The ongoing COVID-19 epidemic has recently led to the effective closure of North Korea’s border with China and could result in a prolonged drop in trade and in North Korean earnings from Chinese tourism. Even if Pyongyang manages to prevent a major outbreak within its territory, the near-term economic impact of the epidemic might prove far greater than that of an enervated sanctions regime. The next few months may provide a grim natural experiment showing what might happen to the North Korean economy if its economic linkages with China truly begin to be severed.
William Brown estimates that China supplies North Korea with 500,000 to 600,000 tons of crude oil annually; other sources put it at 520,000 tons. UN Security Council Resolution caps crude oil exports to North Korea at 525,000 tons or 4 million barrels per year, tacitly allowing China’s crude oil exports to North Korea to remain steady while prohibiting other crude oil exports.

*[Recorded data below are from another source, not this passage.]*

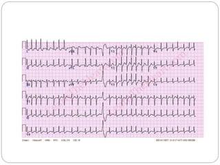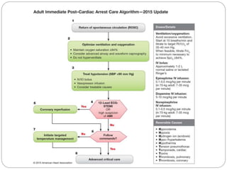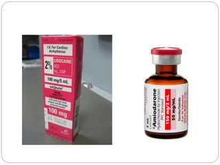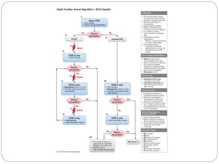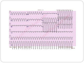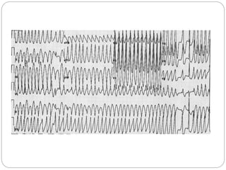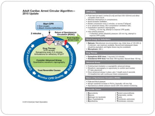 This document provides guidelines and algorithms for paramedics on Advanced Cardiac Life Support (ACLS). It outlines the main algorithms for cardiopulmonary resuscitation (CPR), pulseless arrest, tachycardia with a pulse, bradycardia, and return of spontaneous circulation (ROSC). For each condition, it lists the steps for assessment, treatment, and medications. Key treatments include defibrillation, cardioversion, intubation, intravenous access, pacing, epinephrine, amiodarone, atropine, and addressing reversible causes. The goal is to follow standardized procedures to properly diagnose and treat life-threatening cardiac arrhythmias or arrest.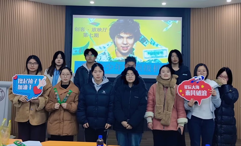 12月13日晚,一站式学生社区活动室内温情洋溢, 第七期创客 · 放映厅主题观影活动在此举行。本次活动放映影片《亿万少年的顶级机密》,带领同学们走进一段从游戏少年到海苔帝国创始人的真实创业历程。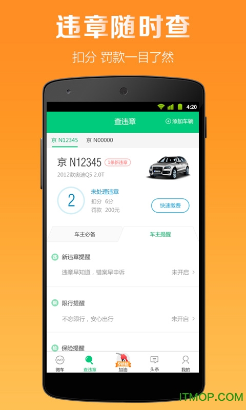 【主动提醒】智能推送系统24小时监控车辆状态,及时提醒违章记录、尾号限行、摇号结果等重要信息。支持自定义提醒设置,确保您不会错过任何关键时间节点,让用车生活更加从容有序。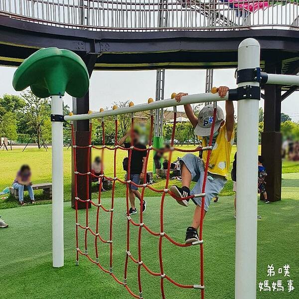 平衡木,弟噗很喜歡玩,不過小孩沒注意的話是很容易在下方奔跑時被絆倒。後方的網繩也很適合大孩挑戰喔!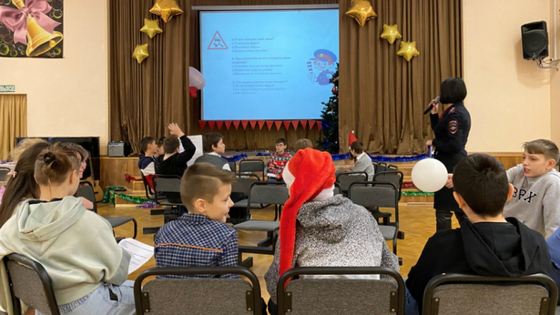 Сначала автоинспекторы напомнили ребятам об опасных ситуациях, с которыми они могут столкнуться на проезжей части и во дворе. А также рассказали о последствиях нарушения ПДД и невнимательности дороге в зимний период. После лекции школьникам предложили поучаствовать в викторине. Члены команд «Светофорчики» и «Дорожные знаки» решали задачи по ПДД, делились знаниями правил безопасности, отгадывали загадки и ребусы. В награду дорожные полицейские вручили им комиксы-раскраски.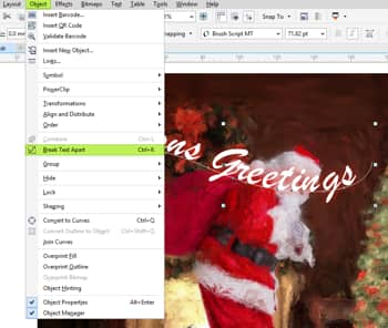 However, now that I'm done, I no longer need this curve, so I just go up to my Object menu and choose Break Text Apart (Ctrl+K). I can now delete the path.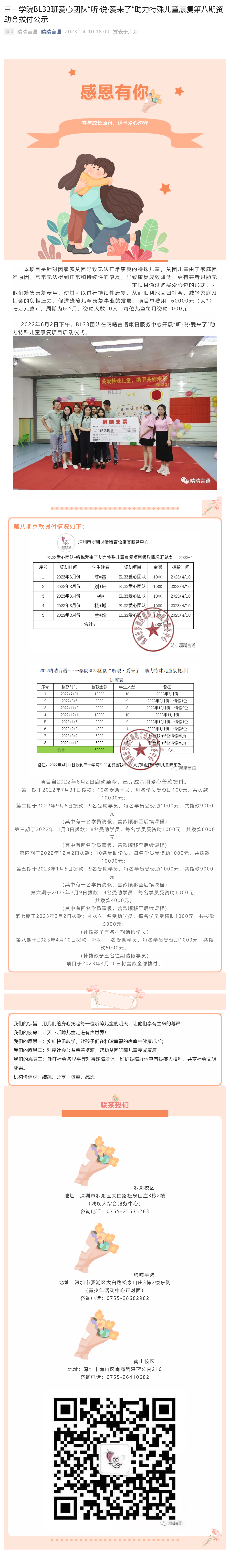三一学院BL33班爱心团队“听·说·爱来了”助力特殊儿童康复第八期资助金拨付公示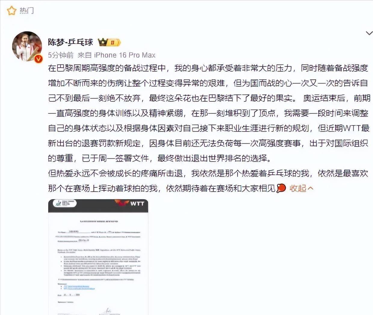 职业运动员就是这样。 职业化不等于往死里用。 网球的ATP、WTA也有密集赛程,他们的运动员委员会话语权强得多,赛制也更保护球员。 WTT呢? 商业赛的积分,竟然能和四年一届的奥运会积分价值持平(都是2000分),这合理吗? 逼着运动员为了奥运资格,不得不去疯狂参加商业赛“刷分”。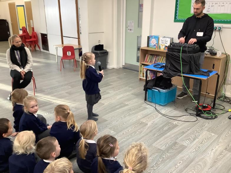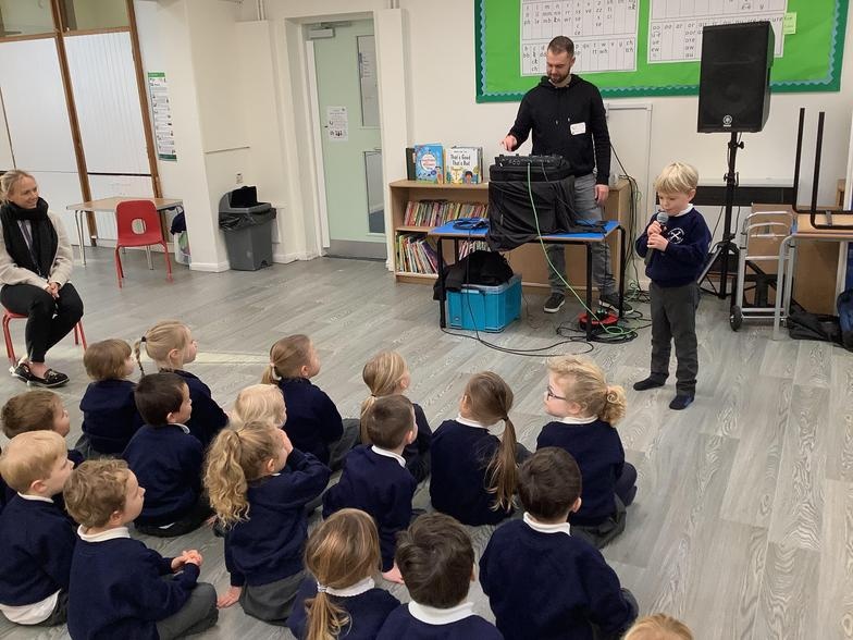 After a demonstration, we were shown how to make different sounds with our voices and put them together to make music. It was lots of fun!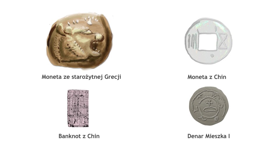 Zapoznaj się z poniższą animacją, która przedstawia monety i banknoty z różnych rejonów i wieków.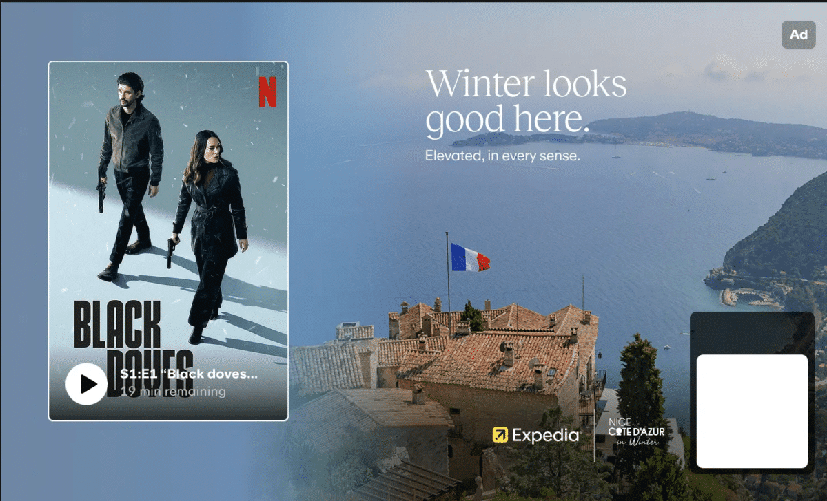 - un dispositif renforcé sur les États-Unis avec un pack “Expedia Brand” (e-magazine, Netflix Pause Ads, et affichage à l’aéroport JFK à New York).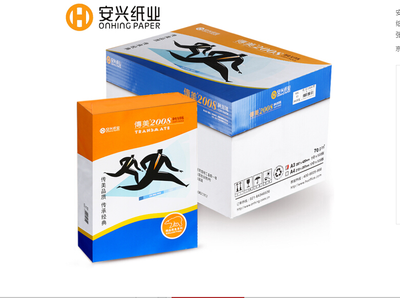 商品名称:安兴纸业 传美2008 80g A3 复印纸 500张/包 5包/箱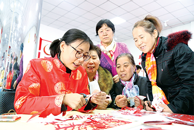 山東淄博市張店區(qū)開展“迎新春·情暖冬日”活動,組織機關干部教群眾剪窗花。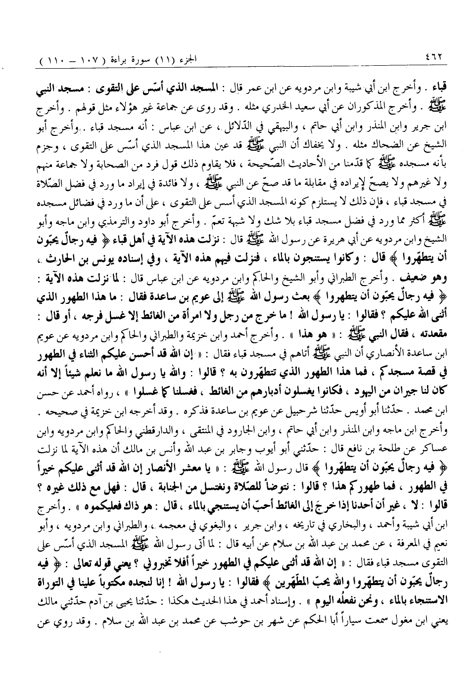 قُبَاءٍ. وَأَخْرَجَ ابْنُ أَبِي شَيْبَةَ وَابْنُ مَرْدَوَيْهِ عَنِ ابْنِ عُمَرَ قَالَ: الْمَسْجِدُ الَّذِي أُسِّسَ عَلَى التَّقْوَى: مَسْجِدُ النَّبِيِّ صَلَّى اللَّهُ عَلَيْهِ وَسَلَّمَ. وَأَخْرَجَ الْمَذْكُورَانِ عَنْ أَبِي سَعِيدٍ الْخُدْرِيِّ مِثْلَهُ. وَقَدْ رُوِيَ عَنْ جَمَاعَةٍ غَيْرِ هَؤُلَاءِ مِثْلُ قَوْلِهِمْ. وَأَخْرَجَ ابْنُ جَرِيرٍ وَابْنُ الْمُنْذِرِ وَابْنُ أَبِي حَاتِمٍ، وَالْبَيْهَقِيُّ فِي الدَّلَائِلِ، عَنِ ابْنِ عَبَّاسٍ: أَنَّهُ مَسْجِدُ قُبَاءٍ. وَأَخْرَجَ أَبُو الشيخ عن الضحاك مثله. وَلَا يَخْفَاكَ أَنَّ النَّبِيَّ صَلَّى اللَّهُ عَلَيْهِ وَسَلَّمَ قَدْ عَيَّنَ هَذَا الْمَسْجِدَ الَّذِي أُسِّسَ عَلَى التَّقْوَى، وَجَزَمَ بِأَنَّهُ مَسْجِدُهُ صَلَّى اللَّهُ عليه وَسَلَّمَ كَمَا قَدَّمْنَا مِنَ الْأَحَادِيثِ الصَّحِيحَةِ، فَلَا يُقَاوِمُ ذَلِكَ قَوْلُ فَرْدٍ مِنَ الصَّحَابَةِ وَلَا جَمَاعَةٍ مِنْهُمْ وَلَا غَيْرِهِمْ وَلَا يَصِحُّ لِإِيرَادِهِ فِي مُقَابَلَةِ مَا قَدْ صَحَّ عَنِ النَّبِيِّ صَلَّى اللَّهُ عَلَيْهِ وَسَلَّمَ، وَلَا فَائِدَةَ فِي إِيرَادِ مَا وَرَدَ فِي فَضْلِ الصَّلَاةِ فِي مَسْجِدِ قُبَاءٍ، فَإِنَّ ذَلِكَ لَا يَسْتَلْزِمُ كَوْنَهُ الْمَسْجِدَ الَّذِي أُسِّسَ عَلَى التَّقْوَى، عَلَى أَنَّ مَا وَرَدَ فِي فضائل مسجده صلّى الله عليه وَسَلَّمَ أَكْثَرُ مِمَّا وَرَدَ فِي فَضْلِ مَسْجِدِ قُبَاءٍ بِلَا شَكٍّ وَلَا شُبْهَةٍ تَعُمُّ. وَأَخْرَجَ أَبُو دَاوُدَ وَالتِّرْمِذِيُّ وَابْنُ مَاجَهْ وَأَبُو الشَّيْخِ وَابْنُ مَرْدَوَيْهِ عَنْ أَبِي هُرَيْرَةَ عَنْ رَسُولِ اللَّهِ صَلَّى اللَّهُ عَلَيْهِ وَسَلَّمَ قَالَ: نَزَلَتْ هَذِهِ الْآيَةُ فِي أَهْلِ قُبَاءٍ فِيهِ رِجالٌ يُحِبُّونَ أَنْ يَتَطَهَّرُوا قَالَ: وَكَانُوا يَسْتَنْجُونَ بِالْمَاءِ، فَنَزَلَتْ فِيهِمْ هَذِهِ الْآيَةُ، وَفِي إِسْنَادِهِ يُونُسُ بْنُ الْحَارِثِ، وَهُوَ ضَعِيفٌ. وَأَخْرَجَ الطَّبَرَانِيُّ وَأَبُو الشَّيْخِ وَالْحَاكِمُ وَابْنُ مَرْدَوَيْهِ عَنِ ابْنِ عَبَّاسٍ قَالَ: لَمَّا نَزَلَتْ هَذِهِ الْآيَةُ: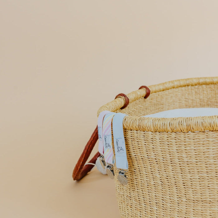 Offering the ultimate blend of fashion and function, our unique Binky Clip features a premium knit strap lined with absorbent fleece to help soak up drool. Simply attach babys pacifier or teether to one end, then fasten the clip to clothing, blankets or baby gear. Oh, and by the way our set includes three Binky Clips to keep with you wherever you go - no more floor drops or pacifier pick-ups!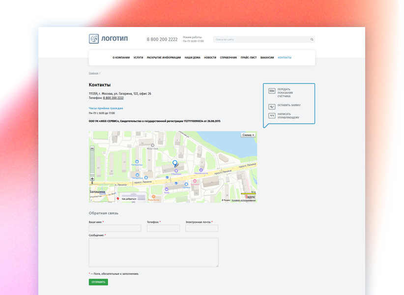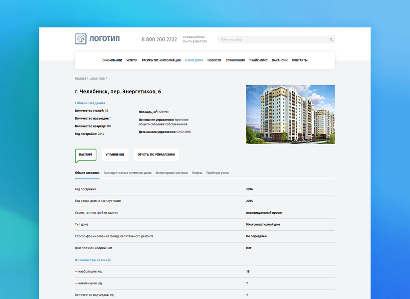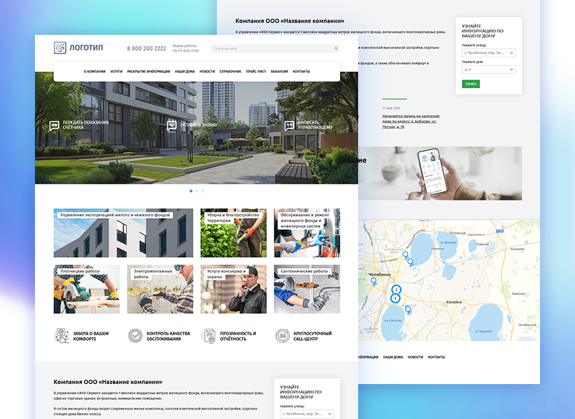 Адаптивный и лаконичный шаблон для сайта управляющей компании в сфере ЖКХ.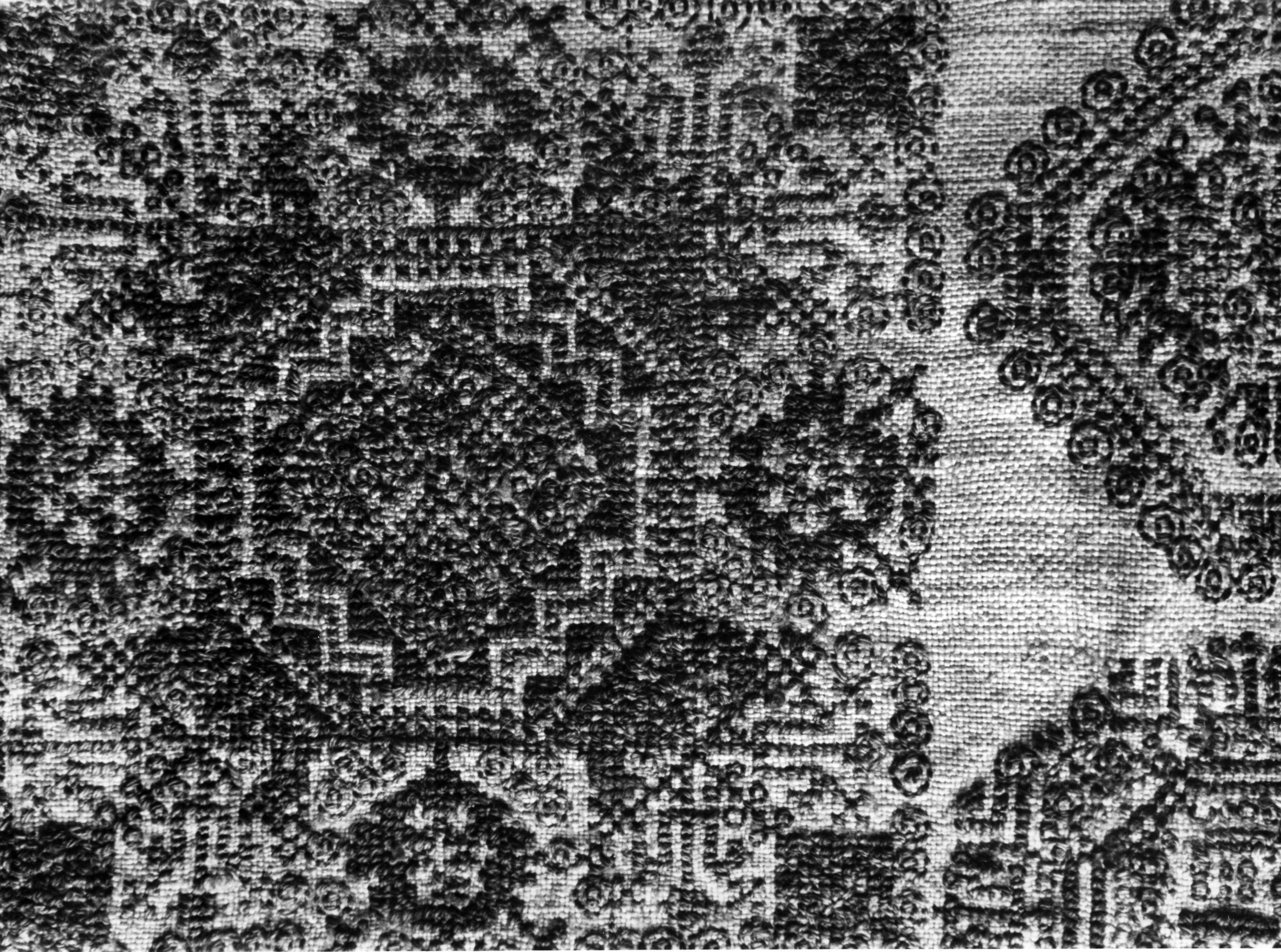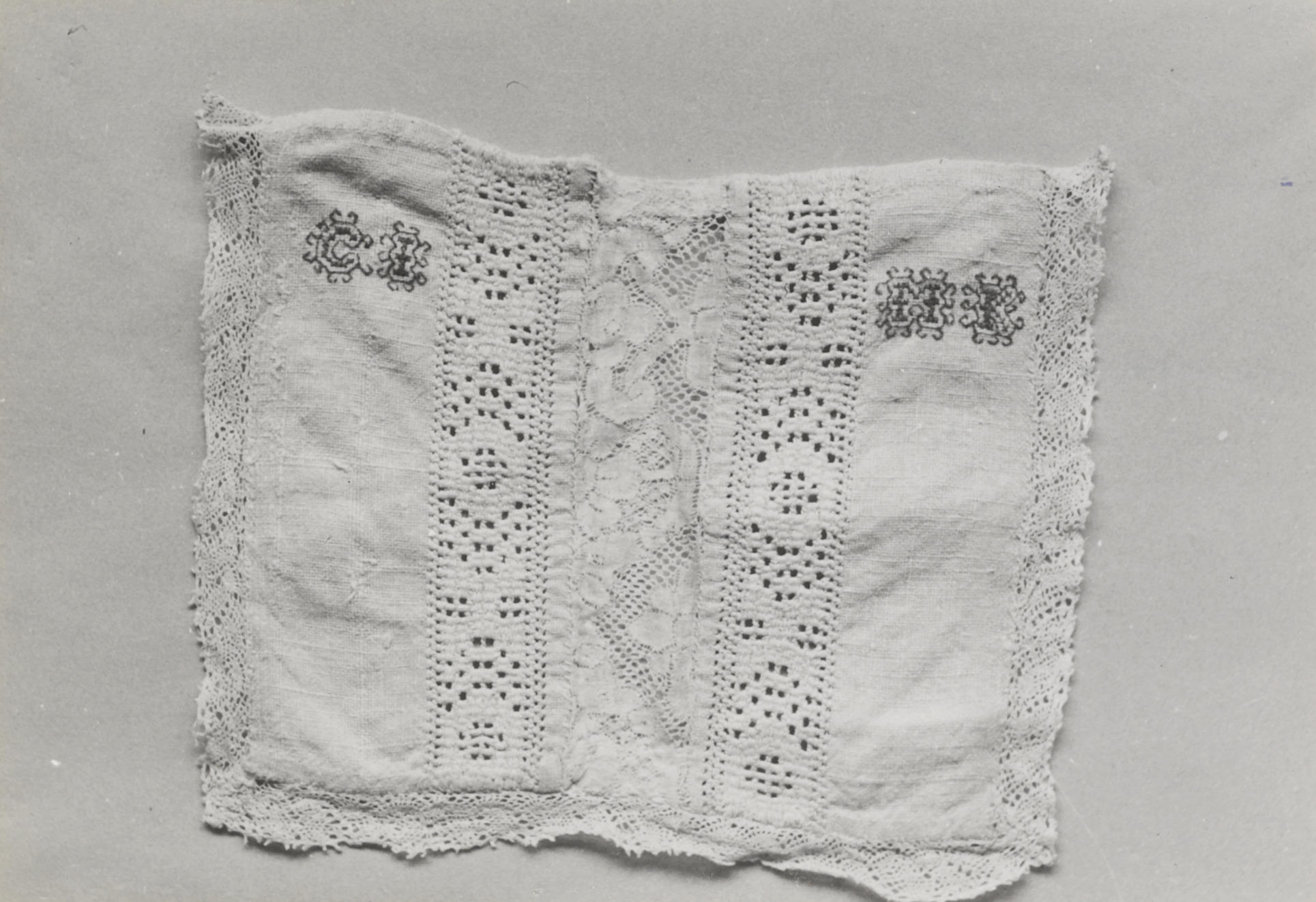 Detail van een merklap, Marken, 1943 (zwart-wit foto)

Note that in the monthly figures there are significant seasonal drops in Chinese exports to North Korea every February—a trend that predates the enhanced sanction regime.
Metals, electrical equipment and vehicle exports to North Korea are banned under UNSCR 2397 and defined as all items included under trade codes HS72 – HS89; refined petroleum exports to North Korea are severely restricted under the same resolution.
These imports were a violation of the US Department of the Treasury’s North Korea Sanctions Regulations, but not UN sanctions.
UNSCR 2375’s ban does not define “textiles” with reference to specific trade codes, but international trade standards put footwear and headgear (HS64 – HS67) in a separate category from textiles (HS50 – HS63).
Chinese trade data clearly includes humanitarian exports that have received sanctions exemptions from the UN (goods classified as HS72 – HS89), and, therefore, would likely capture humanitarian exports of food as well.
Items classified under trade codes HS72-89.